**TASK INSTRUCTIONS:** Leave the pictures out and quote only the lines from the one with "Рулевой стакан штампованый, а" down to the end of the listing below.

**AVAILABLE DATA:**
^^^^^^^^^^^^^^^^
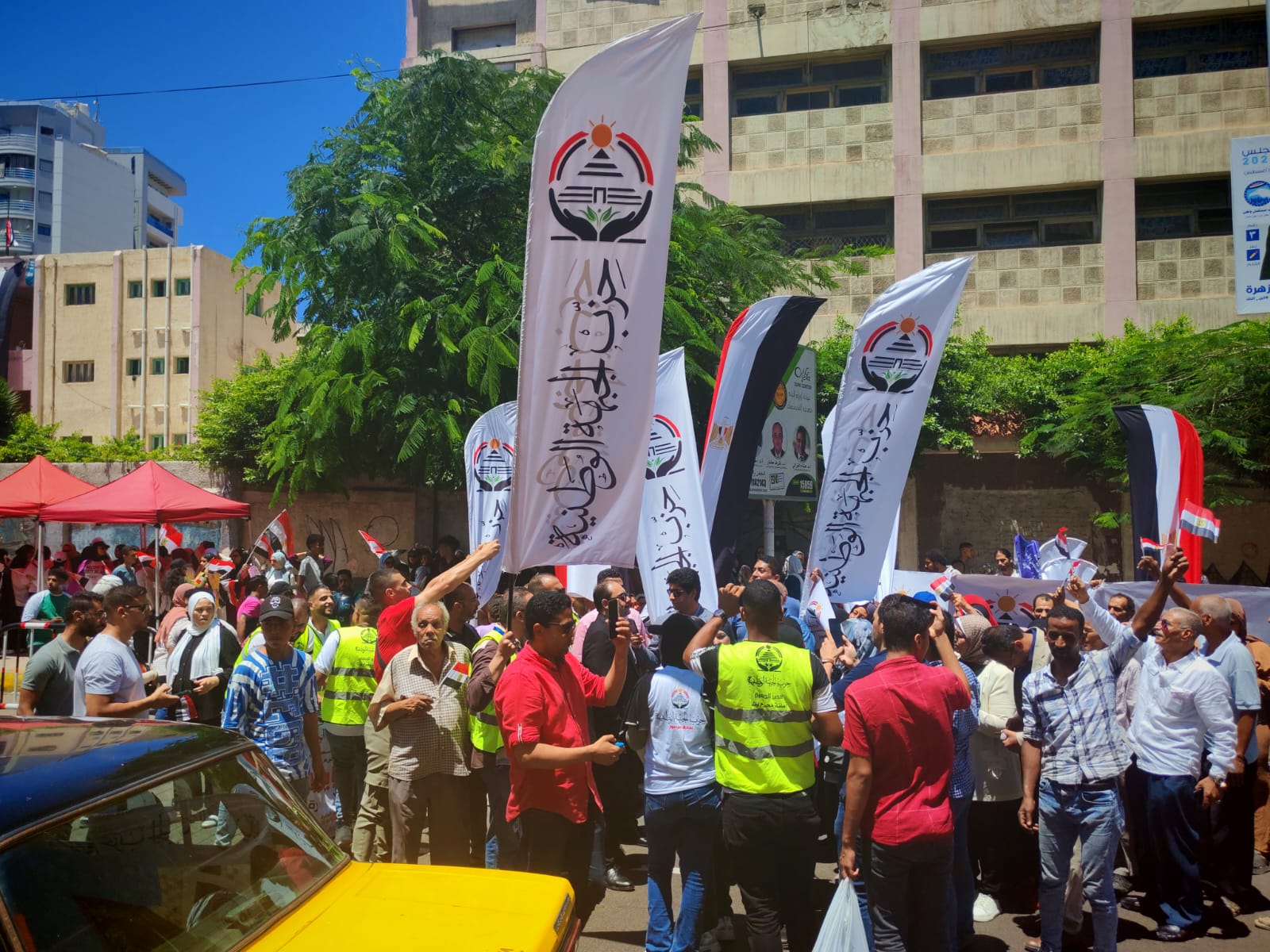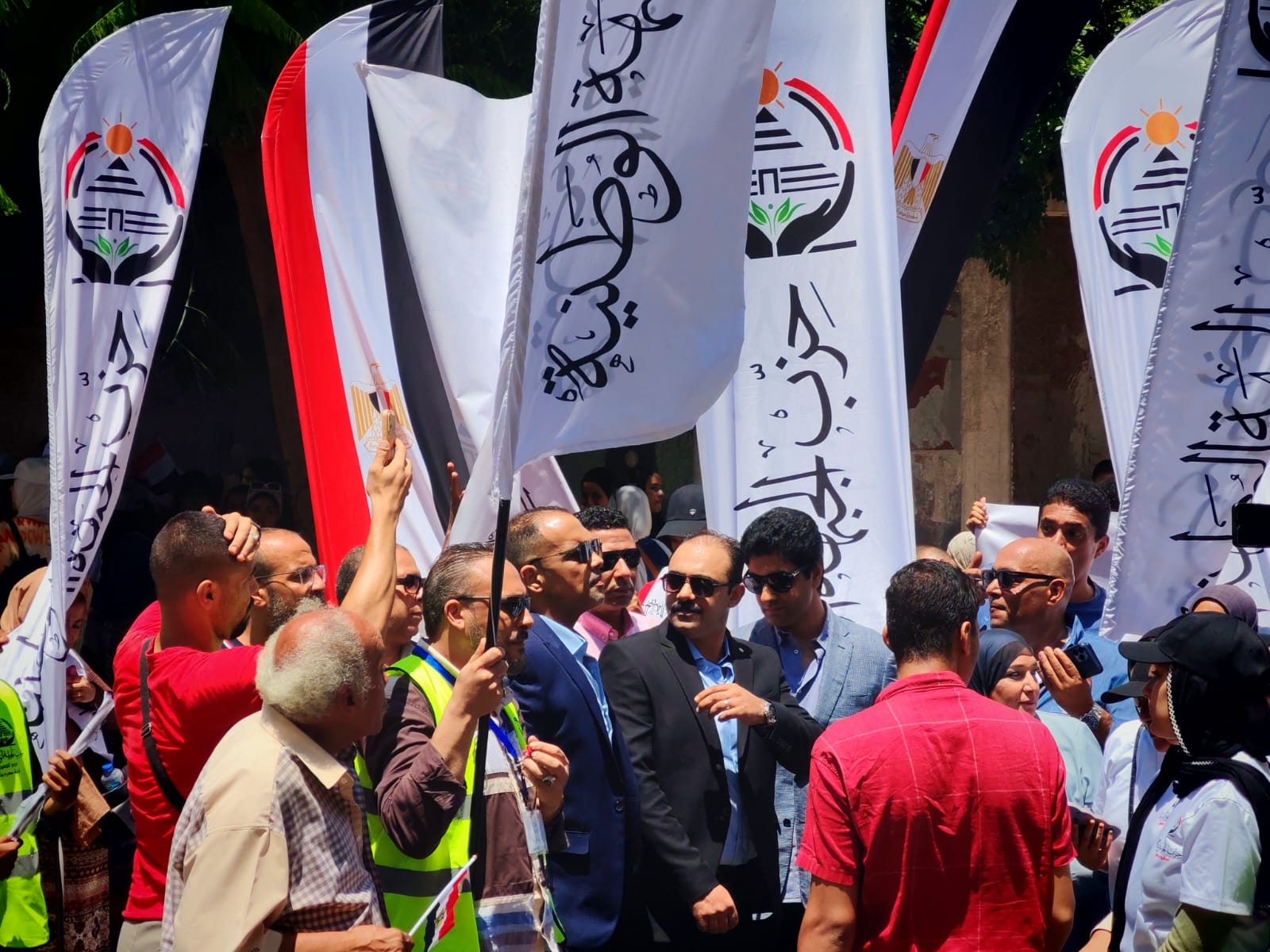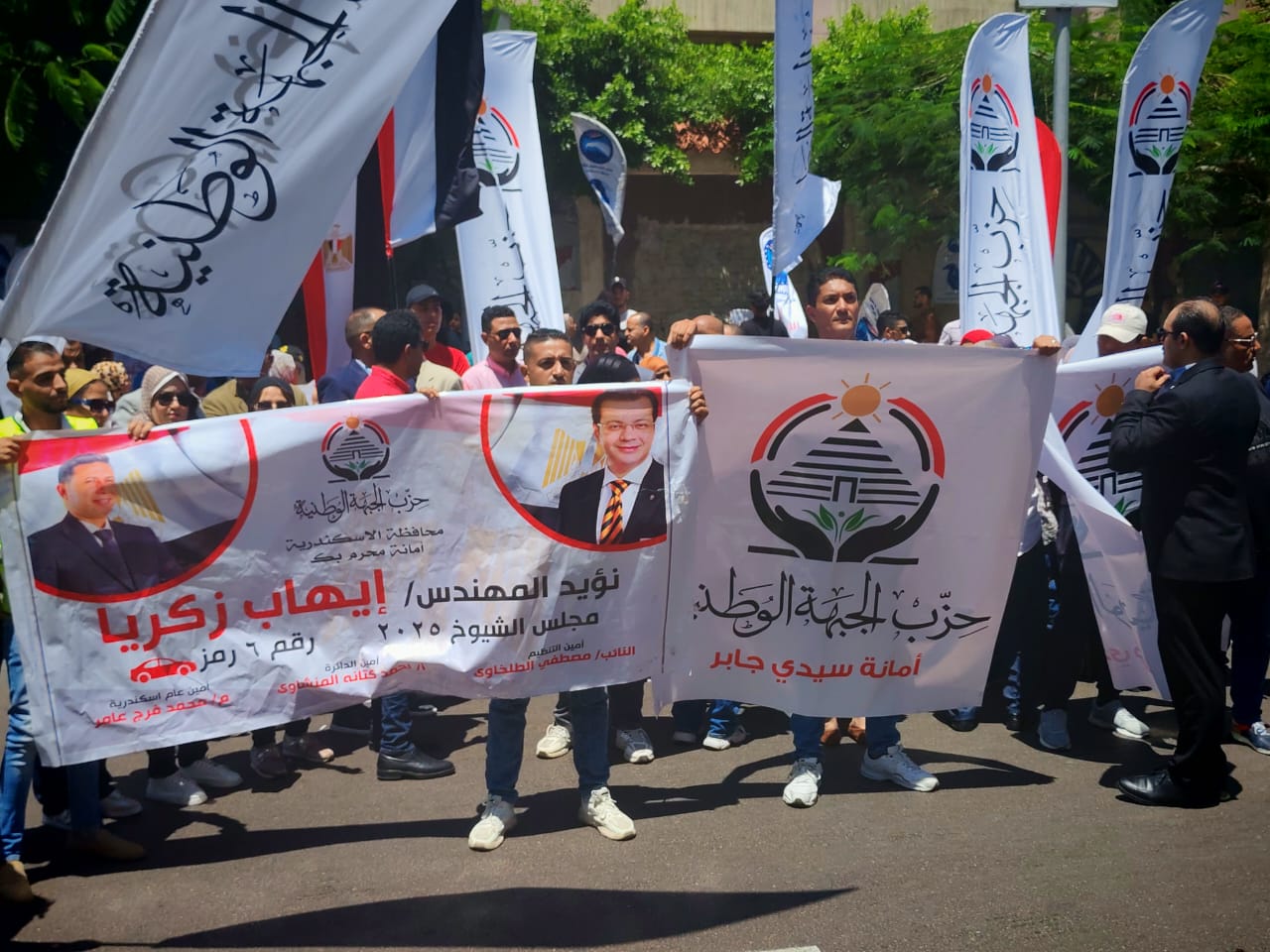 ورفعت الحشود أعلام مصر، وأعلام حزب الجبهة الوطنية، ولافتات مؤيدة للمرشح إيهاب زكريا، تعبيرًا عن دعمهم الكامل له وثقتهم في قدراته وكفاءته لتمثيل محافظة الإسكندرية تحت قبة مجلس الشيوخ.
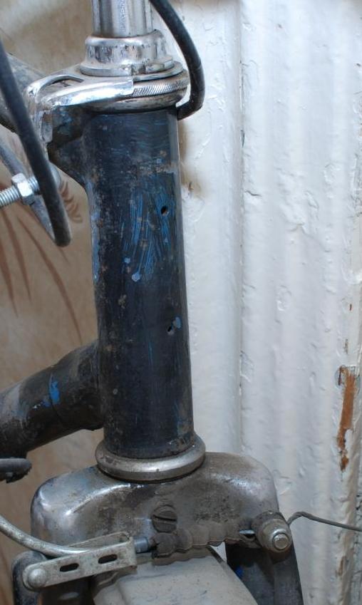 Рулевой стакан штампованый, а не труба с фиттингами для крепления остальной рамы. Причём нет даже декоративной подштамповки, изображающей те фиттинги, как делали на ХВЗ.. Не 90-е годы - дырки от заклёпок эмблемы есть, а они только на Минсках-Аистах к тому времени сохранились.
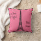 Ooh la la ! Un bel oreiller à jetons d'inspiration française se décline dans les tons rose parisien et noir profond. Illustration de la Tour Eiffel, avec les mots Le Tour D'Eiffel, et Paris, France. Les coussins sont disponibles en plusieurs tailles, formes et tissus.
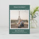 Enviar cartões de natal no estilo de vintagem nostálgica moderno. Uma borda de carimbo de correio enquadra sua foto quadrada de solteiro. Tipo retrorreflector minimalista e uma cobertura de cancelamento divertida com um círculo e linhas onduladas personalizadas com a data deste ano acrescentam ao encanto autêntico. Perfeito para fotos de viagem ou qualquer foto que você queira compartilhar com estilo exclusivo. Personalize a saudação, personalize com seu nome de família e nomes individuais. No verso: Uma borda de carimbo de correio em escala. Cor: Holly Green Todo o texto e todas as cores podem ser personalizados.
^^^^^^^^^^^^^^^^
**WRITTEN SOLUTION:**
 Рулевой стакан штампованый, а не труба с фиттингами для крепления остальной рамы. Причём нет даже декоративной подштамповки, изображающей те фиттинги, как делали на ХВЗ.. Не 90-е годы - дырки от заклёпок эмблемы есть, а они только на Минсках-Аистах к тому времени сохранились.
 Ooh la la ! Un bel oreiller à jetons d'inspiration française se décline dans les tons rose parisien et noir profond. Illustration de la Tour Eiffel, avec les mots Le Tour D'Eiffel, et Paris, France. Les coussins sont disponibles en plusieurs tailles, formes et tissus.
 Enviar cartões de natal no estilo de vintagem nostálgica moderno. Uma borda de carimbo de correio enquadra sua foto quadrada de solteiro. Tipo retrorreflector minimalista e uma cobertura de cancelamento divertida com um círculo e linhas onduladas personalizadas com a data deste ano acrescentam ao encanto autêntico. Perfeito para fotos de viagem ou qualquer foto que você queira compartilhar com estilo exclusivo. Personalize a saudação, personalize com seu nome de família e nomes individuais. No verso: Uma borda de carimbo de correio em escala. Cor: Holly Green Todo o texto e todas as cores podem ser personalizados.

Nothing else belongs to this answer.